[Collected data]

────────────────

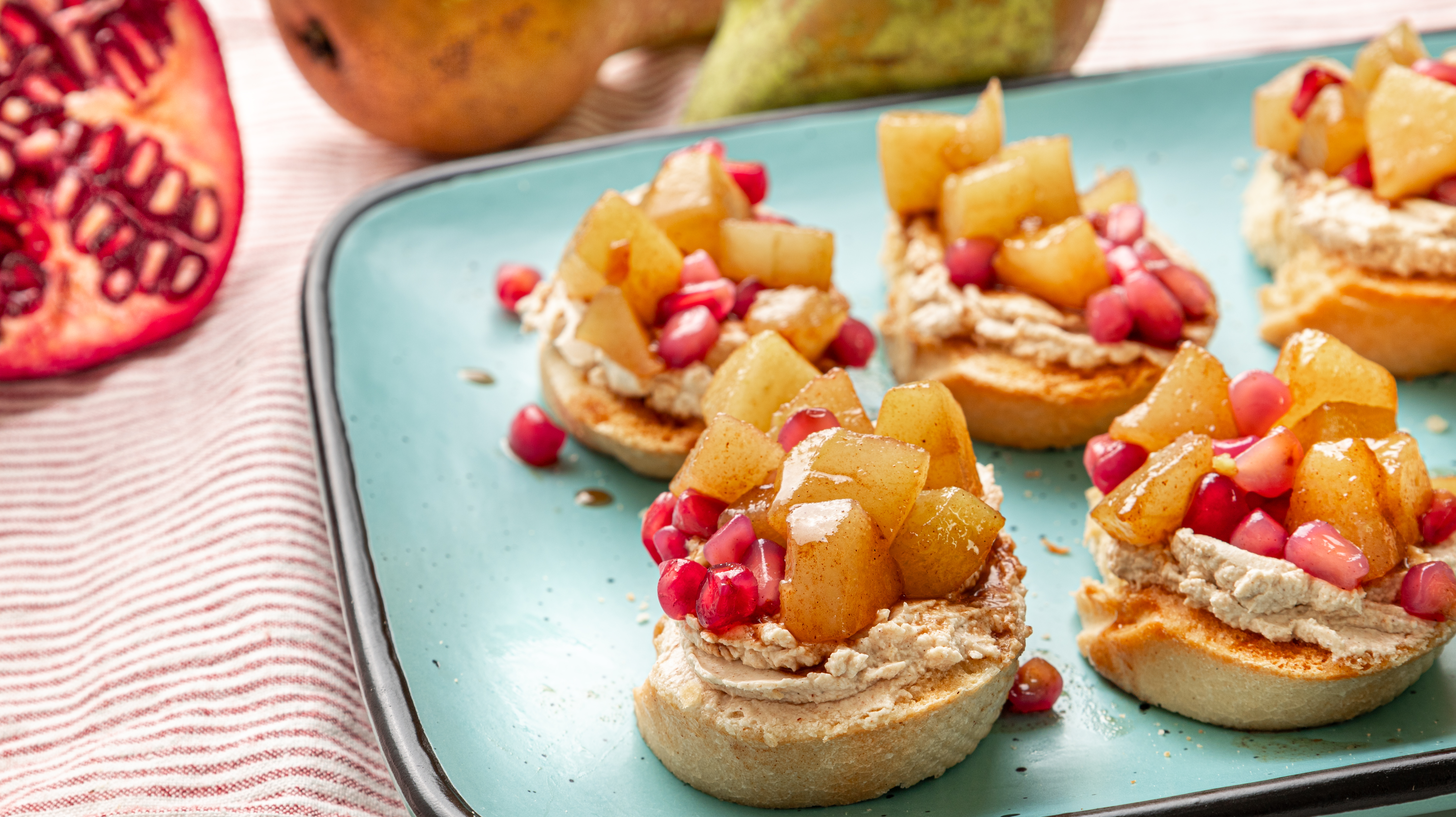 Are these hors d'oeuvres or are these desserts? Honestly, Christmas Crostini goes back and forth between the two! They might even be sweet appetizers! Toasted, buttery baguette slices with a luscious layer of cinnamon cream cheese and jammy, warm pears! Bursts of tart pomegranate and smoky balsamic make Christmas Crostini a balanced and enticing holiday treat! Ho Ho Ho! Have some more!
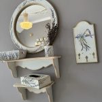 Două etajere, care aduc un plus de utilitate în baie. Fiecare etajeră are contururi decorate cu patina bej si dungi argintii, și este spațiu de depozitare ideal pentru obiecte de uz zilnic. Dimensiunile acestora sunt de: 40x15x21cm – poliță mica, și 60x15x22cm – poliță mare. Se poate agăța pe perete cu ajutorul sistemului de prindere.
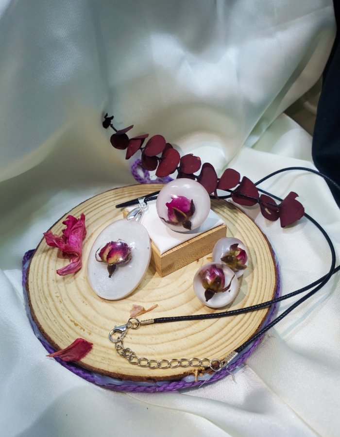 • Earrings: Matching dome-shaped floral resin earrings, lightweight and graceful
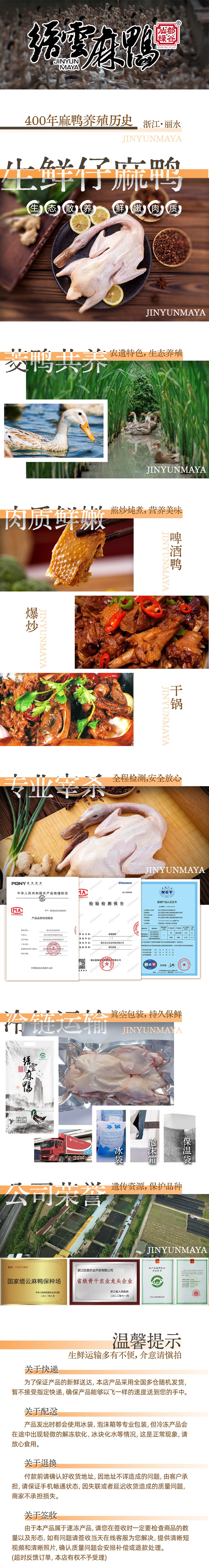 商品名称:仙都绿谷冻品仔鸭1.8-2斤
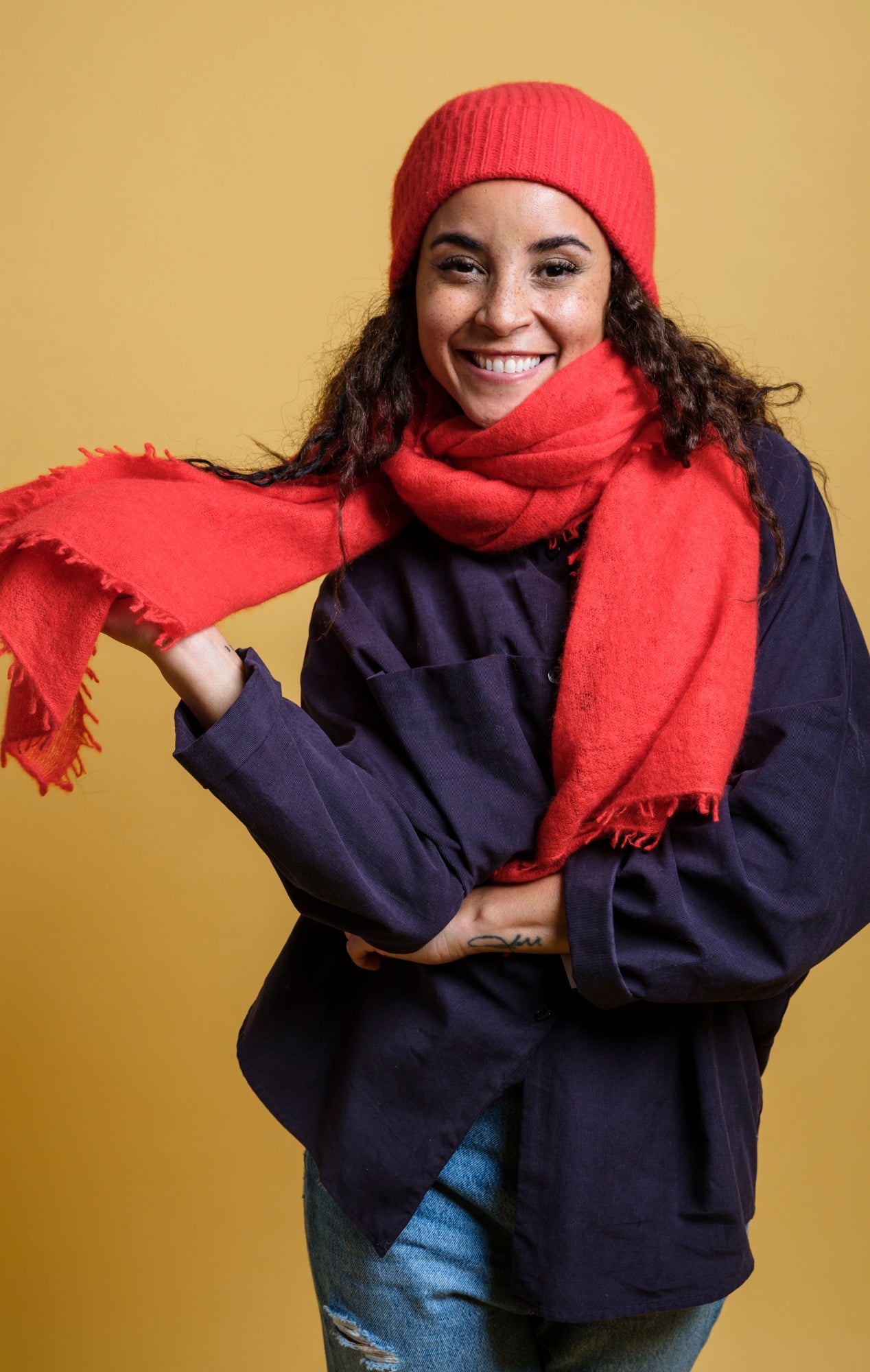 Ein Hauch Liebe: Dieser handgewebte Schal aus federleichtem, oekozertifiziertem Kaschmirgarn wärmt, ohne zu beschweren, und schmeichelt durch seine sehr weiche, luftige Textur. Mit feinen Fransen an den Enden für das gewisse Etwas. Ein zeitloses Allroundtalent.
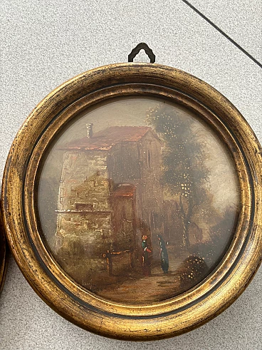 Paesaggi di campagna, coppia di dipinti a olio su tavola, fine '800
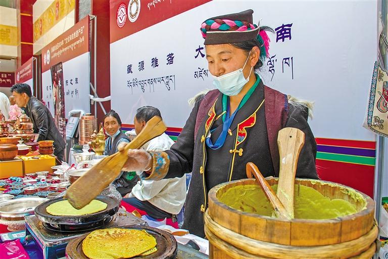 在日喀則市非遺展銷現(xiàn)場,展商在制作蕎麥餅。記者 旦增嘎瓦 楊子彥 扎西頓珠 攝
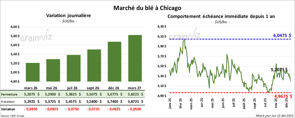 À Chicago, le contrat de blé mars 26 a clôturé à 5,2075 $ (-8 ½ cents). Celui mai 26 a fermé à 5,2900 $ (- 8 ¼ cents). Celui juillet 26 a terminé à 5,3825 $ (- 7 ½ cents).
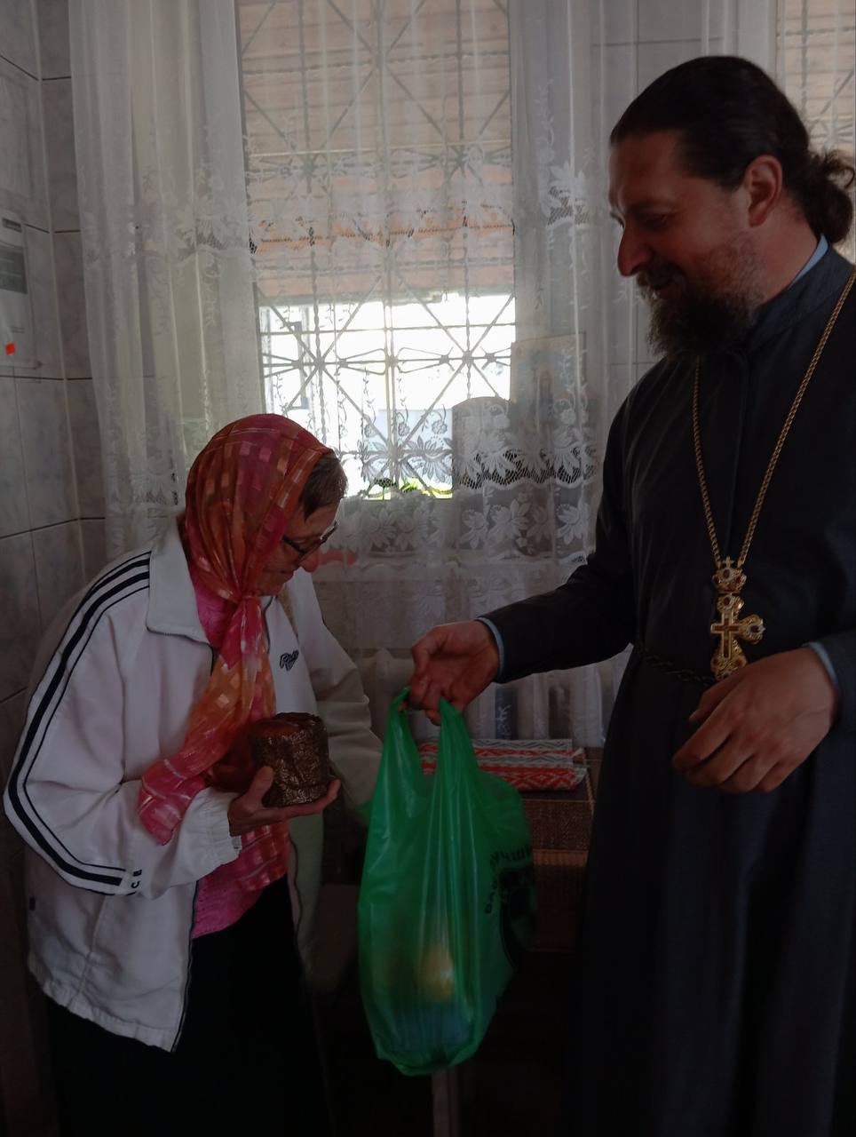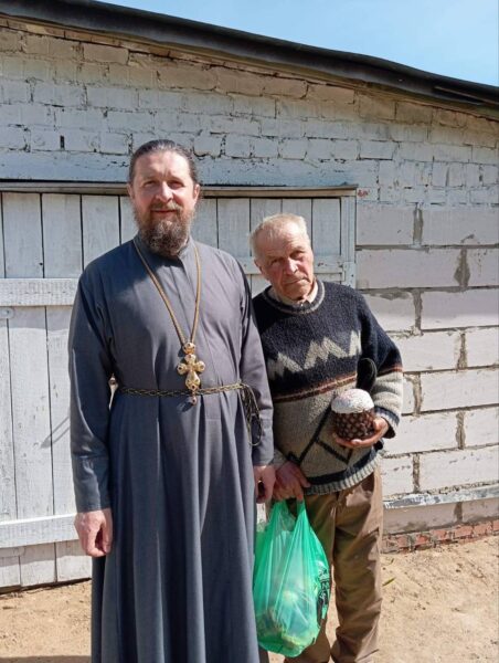 05.05.2024 года. Настоятель Свято- Духова храма п. Самохваловичи иерей Сергий Короткий посетил престарелых прихожан , поздравил со Светлой Пасхой и вручил подарки .

────────────────

__What the task asks__.
Nothing but the lines from the first line of the data above through the line holding "Ein Hauch Liebe: Dieser" may appear in the response, copied exactly and without pictures.

__The completed task__.
 Are these hors d'oeuvres or are these desserts? Honestly, Christmas Crostini goes back and forth between the two! They might even be sweet appetizers! Toasted, buttery baguette slices with a luscious layer of cinnamon cream cheese and jammy, warm pears! Bursts of tart pomegranate and smoky balsamic make Christmas Crostini a balanced and enticing holiday treat! Ho Ho Ho! Have some more!
 Două etajere, care aduc un plus de utilitate în baie. Fiecare etajeră are contururi decorate cu patina bej si dungi argintii, și este spațiu de depozitare ideal pentru obiecte de uz zilnic. Dimensiunile acestora sunt de: 40x15x21cm – poliță mica, și 60x15x22cm – poliță mare. Se poate agăța pe perete cu ajutorul sistemului de prindere.
 • Earrings: Matching dome-shaped floral resin earrings, lightweight and graceful
 商品名称:仙都绿谷冻品仔鸭1.8-2斤
 Ein Hauch Liebe: Dieser handgewebte Schal aus federleichtem, oekozertifiziertem Kaschmirgarn wärmt, ohne zu beschweren, und schmeichelt durch seine sehr weiche, luftige Textur. Mit feinen Fransen an den Enden für das gewisse Etwas. Ein zeitloses Allroundtalent.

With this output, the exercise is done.